Figure 1. Overview of the Matt Algorithm

https://doi.org/10.1371/journal.pcbi.0040010.g001

The iterative portion: fragment pairs.

There are three main phases to the iterative portion of the Matt algorithm. The first phase is similar to what is done by many existing AFP chaining residues: for simplicity, it is first described here for pairwise alignment (that is, when each group consists of a single structure). Matt considers fragments of five to nine adjacent amino acid residues. A fragment pair is a pair of fragments of equal length, one from each structure. For every fragment pair, between any pair of structures, an alignment score is calculated based on an estimated p-value of the minimum RMSD achievable by a rigid-body transformation of the C-alpha atoms of one fragment onto the other. p-values are estimated by generating a table of random RMSD alignments of the National Center for Biotechnology Information (NCBI) nonredundant PDB.

The generalization from aligning fragments from two structures to aligning fragments from two groups of multiple structure alignments is straightforward.

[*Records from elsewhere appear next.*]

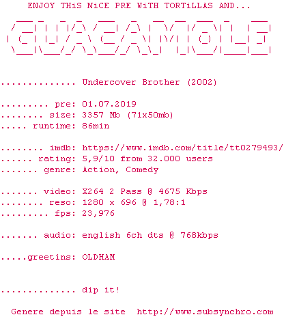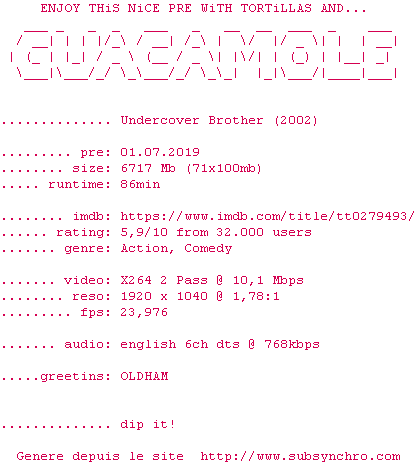 Voir le nfo de la release Undercover.Brother.2002.MULTi.COMPLETE.BLURAY-OLDHAM
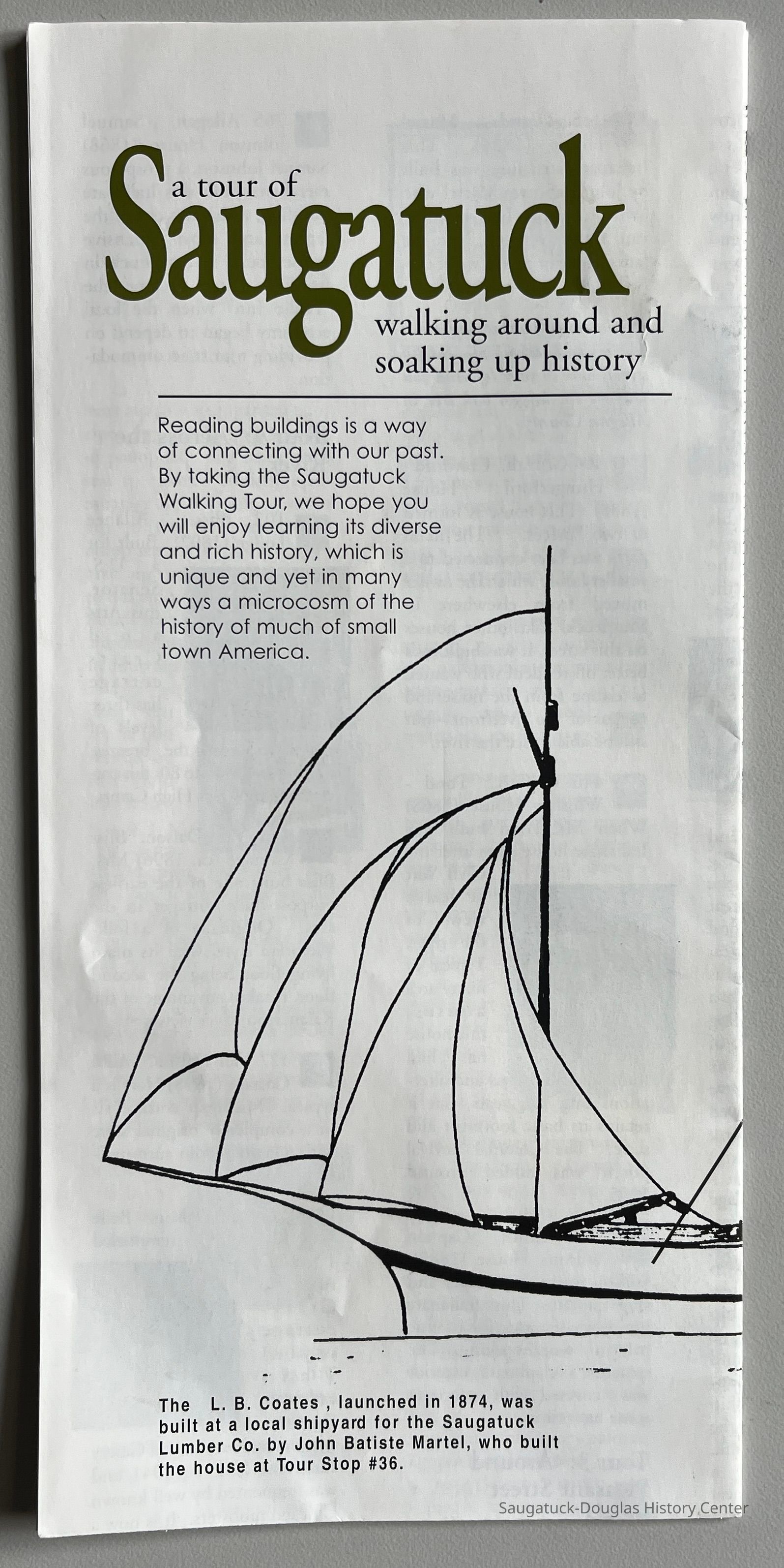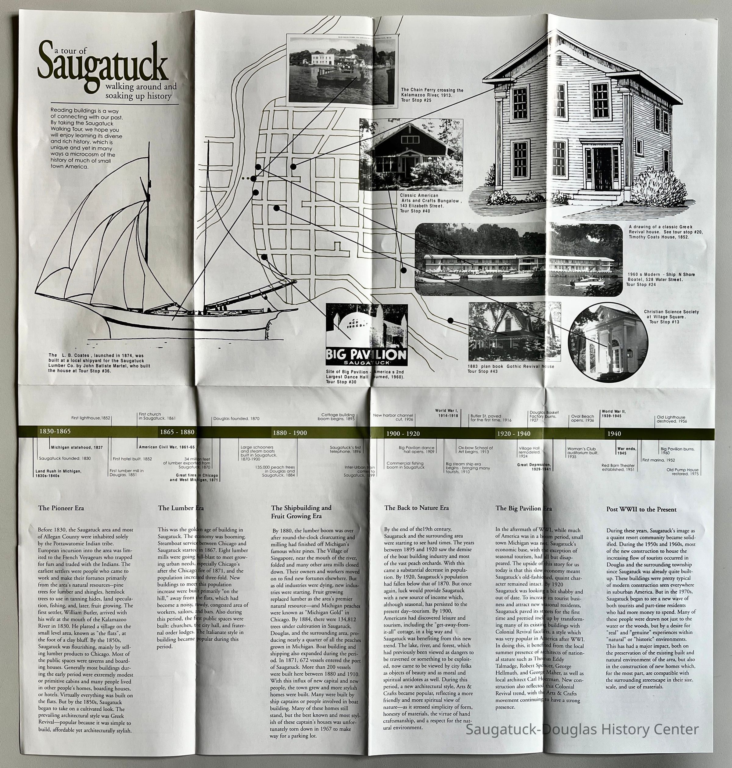 A circa 2001 project by the SD Historical Society to raise awareness of history and architecture. Hillman was a member of the Saugatuck Historic District commission. This brochure mentions the book "Raising the Roof: The Buildings and Architecture of Saugatuck-Douglas."
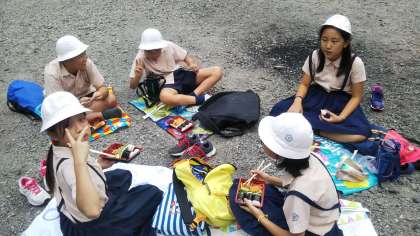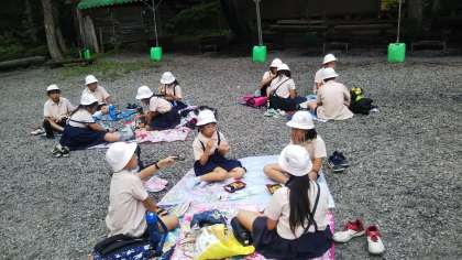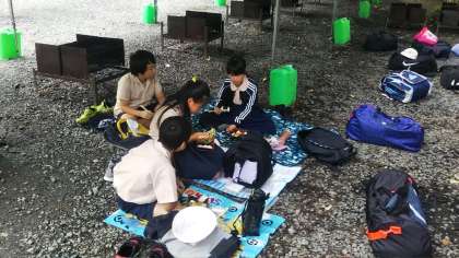 おなかが、ペコペコです。お弁当を食べます。日なたも涼しいのです。
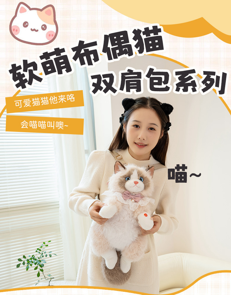 新款仿真猫咪会猫叫布偶猫公仔双肩包安抚玩偶毛绒玩具女生日礼物
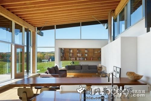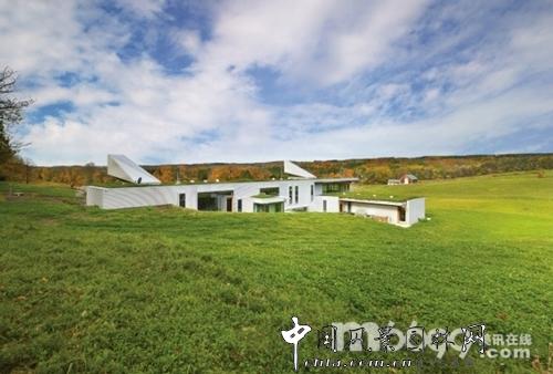 建筑師Ian MacDonald設(shè)計的草地住宅坐落在加拿大多倫多的北部,這是一座現(xiàn)代住宅,設(shè)計非常精致,和周圍環(huán)境融為一體。這座面積3000平方英尺建造在山上的凹處,如果不是綠色屋頂上的入光孔,一般人是很難察覺到這座住宅的存在。
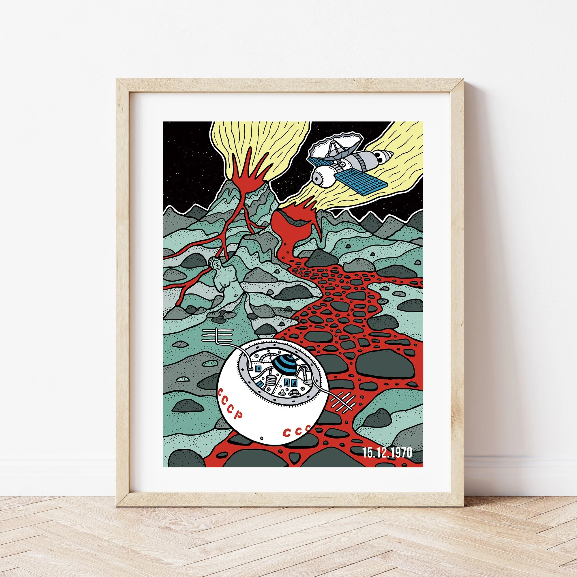 Venus, the second planet in our solar system. This print shows the landscape of Venus, which is the most volcanic known planet. It also shows the Venera 7, a Soviet spacecraft, which was the first probe mankind sent to the green planet on this day in 1970, and also became the first spacecraft to soft land on another planet and the first to transmit data from there back to Earth.
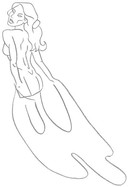 2 Empleando las figuras básicas, comienzo a refinar el cuerpo. Agrego unas líneas curvas a la alargada y esbelta espalda para representar la musculatura. A continuación, dibujo el ondulado cabello y le incorporo un peine. También añado la oreja y una línea para representar el pómulo. Llegado a este punto, borro la mayor parte de mis líneas de construcción.
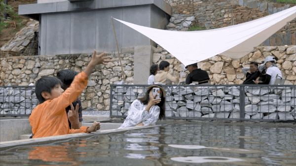在整個酒店最中間的位置,有一個水景露台,風吹過水面便會形成魚鱗紋。這樣不僅可以適當減緩山間的幹燥,也為大家提供了一個戶外聚會的場地。
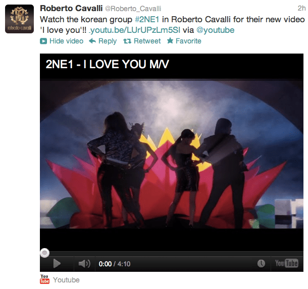 Twitter/Caps: Roberto Cavalli Tweets About 2NE1’s Fashion (Shows Off Dara’s Clothes)
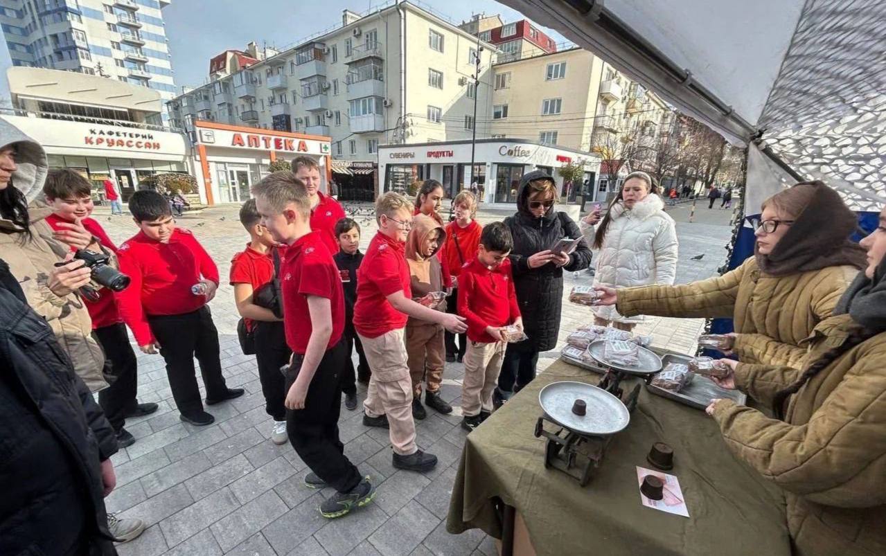 К памятной дате работники Анапского хладокомбината испекли хлеб, разделив его на 800 порций. Каждый кусочек весит всего 125 граммов – именно такое количество хлеба раз в сутки выдавали одному жителю блокадного Ленинграда. В рамках акции «Волонтеры Победы», воспитанники спортивно-тактического клуба «Грач» и представители ученического Совета раздали хлеб жителям и гостям курорта, а также рассказали историю осажденного города.
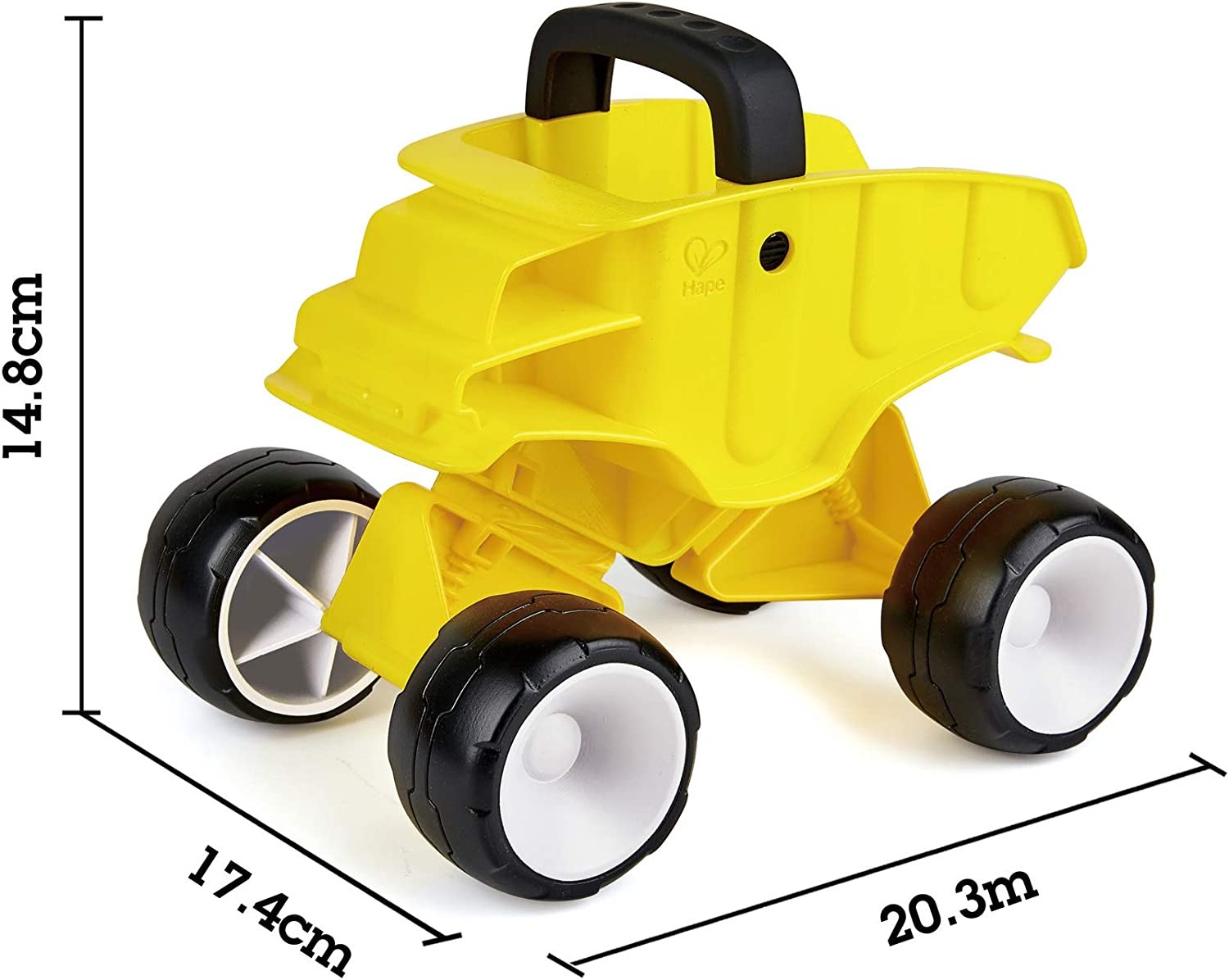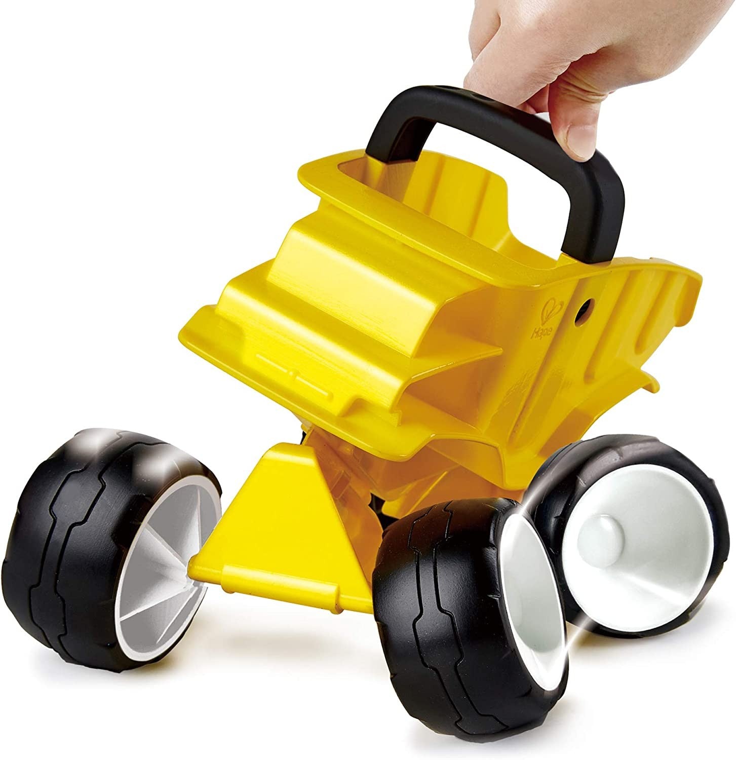 Yellow dump truck with a tilting body and easy-to-grip handle that kids will love to play with. Its low-profile tires and independently rotating wheels make it ideal for both indoor and outdoor play.

The alignment score of a pair of fragments, one from each group alignment, is calculated based on a single rigid-body transformation acting on all of a group's structures together.

Dynamic programming assembly with translations and twists.

Matt's main novel contribution involves how we assemble these short fragments into a global alignment. Note that Matt is an alignment program that respects the sequential order of residues along the backbone, so it only assembles aligned fragments that are consistently ordered.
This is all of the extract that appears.